The recommendation is for patients already treated with chemotherapy — anthracycline and a taxane — unless they were not suitable for such treatments. Also, patients with hormone receptor (HR)-positive cancer should have received or been considered unsuitable for hormone therapy.
The European Commission will now review CHMP’s opinion before making a decision.
“Despite progress in treating patients with advanced breast cancer, there remains a significant unmet need for new treatment options,” Dave Fredrickson, executive vice president of oncology at AstraZeneca, said in a press release. “If approved, Lynparza will provide these patients with both a targeted and oral chemotherapy-free option.”

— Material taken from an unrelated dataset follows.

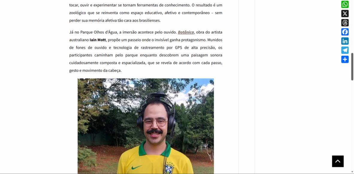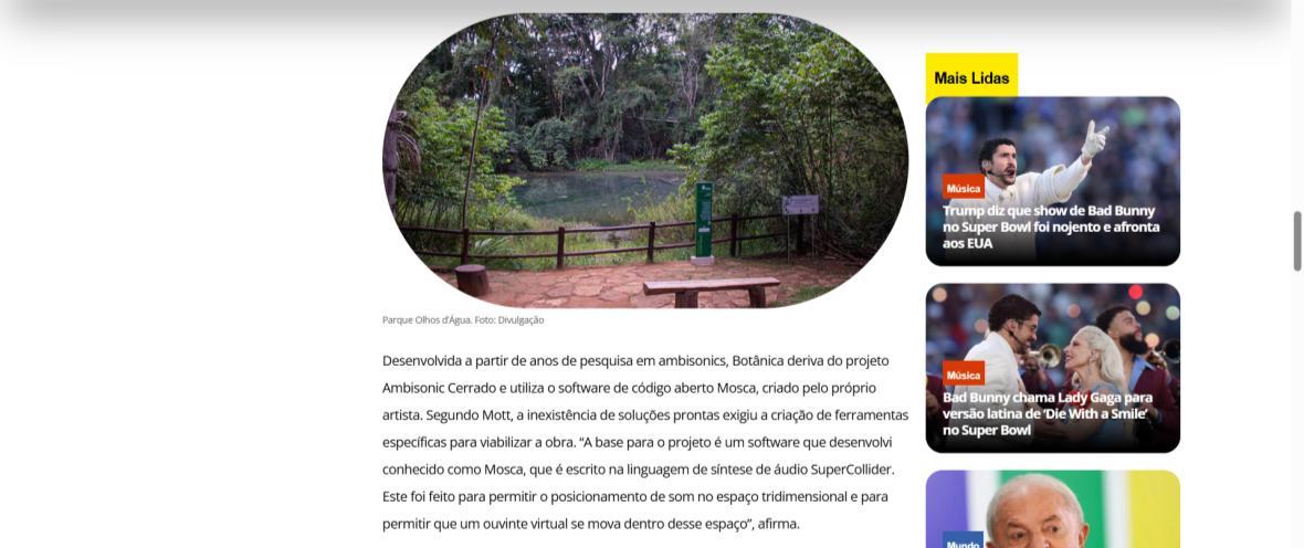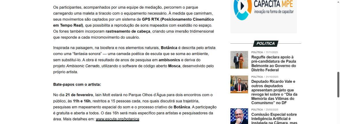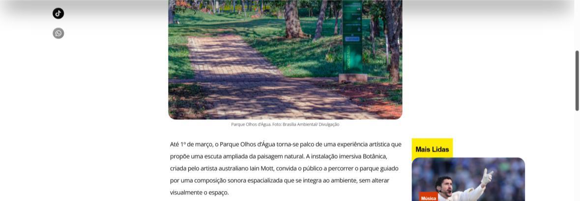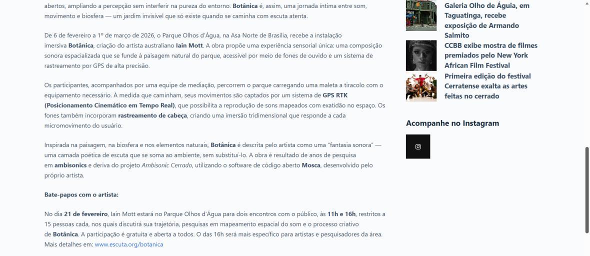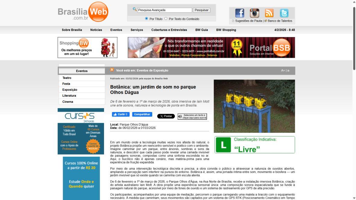 De 6 de fevereiro a 1º de março de 2026, o Parque Olhos d’Água, na Asa Norte de Brasília, recebe a instalação imersiva Botânica, criação do artista australiano Iain Mott. A obra propõe uma experiência sensorial única: uma composição sonora espacializada que se funde à paisagem natural do parque, acessível por meio de fones de ouvido e um sistema de rastreamento por GPS de alta precisão.

Lynparza, developed by AstraZeneca and Merck (known as MSD outside the U.S. and Canada), is a PARP inhibitor that blocks the DNA repair process. The PARP enzyme is particularly relevant for DNA repair in people with BRCA mutations, and blocking it prevents the survival of tumors.
Lynparza is currently available for the maintenance treatment of ovarian cancer patients, and is already approved in the U.S. and Japan for BRCA-mutated, HER2-negative metastatic breast cancer patients who received prior chemotherapy.

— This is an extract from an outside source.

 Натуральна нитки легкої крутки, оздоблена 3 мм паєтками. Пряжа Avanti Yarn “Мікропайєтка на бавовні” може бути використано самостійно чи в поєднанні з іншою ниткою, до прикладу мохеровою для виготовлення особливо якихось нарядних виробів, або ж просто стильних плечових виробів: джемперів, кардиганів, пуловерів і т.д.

These breast cancer approvals, like the submission to the European regulatory agency, were all supported by results from the ongoing OlympiAD Phase 3 trial (NCT02000622), where Lynparza decreased the risk of disease progression or death by 42% compared to chemotherapy.
OlympiAD included 302 patients with HER2-negative locally advanced or metastatic breast cancer randomly assigned Lynparza or physician’s choice chemotherapy — Xeloda (capecitabine), Navelbine (vinorelbine), or Halaven (eribulin).

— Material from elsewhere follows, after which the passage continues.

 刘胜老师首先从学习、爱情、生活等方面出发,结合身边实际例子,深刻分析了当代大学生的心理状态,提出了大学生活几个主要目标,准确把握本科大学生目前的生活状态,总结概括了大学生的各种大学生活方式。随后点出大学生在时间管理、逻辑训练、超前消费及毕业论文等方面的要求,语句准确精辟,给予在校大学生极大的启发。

Its main goal was to determine whether treatment with 300 mg Lynparza tablets twice daily could delay disease progression or death. Secondary measures included time to disease progression or death after a subsequent treatment, overall survival, objective response rate, and quality of life assessments.
Investigators found that patients on Lynparza lived a median of seven months before their disease progressed, compared to 4.2 months for those given chemotherapy — a 42% reduction in the risk of disease progression or death.
Also, more patients responded to Lynparza (60%) compared to chemotherapy (29%). Complete responses were also more frequent in the Lynparza group — 9% versus 1.5%.
Lynparza also reduced the risk of death or disease progression after a subsequent therapy by 43%, but had no impact on patients’ overall survival.
“The positive opinion from CHMP for Lynparza in this patient population is an important milestone,” said Roy Baynes, MD, PhD, senior vice president and head of global clinical development, chief medical officer, Merck Research Laboratories.
“This decision brings us one step closer to offering a new treatment option to patients with advanced breast cancer and further underscores the critical need to identify patients’ BRCA status, in addition to hormone receptor and HER2 expression status, as part of the management of this disease,” he said.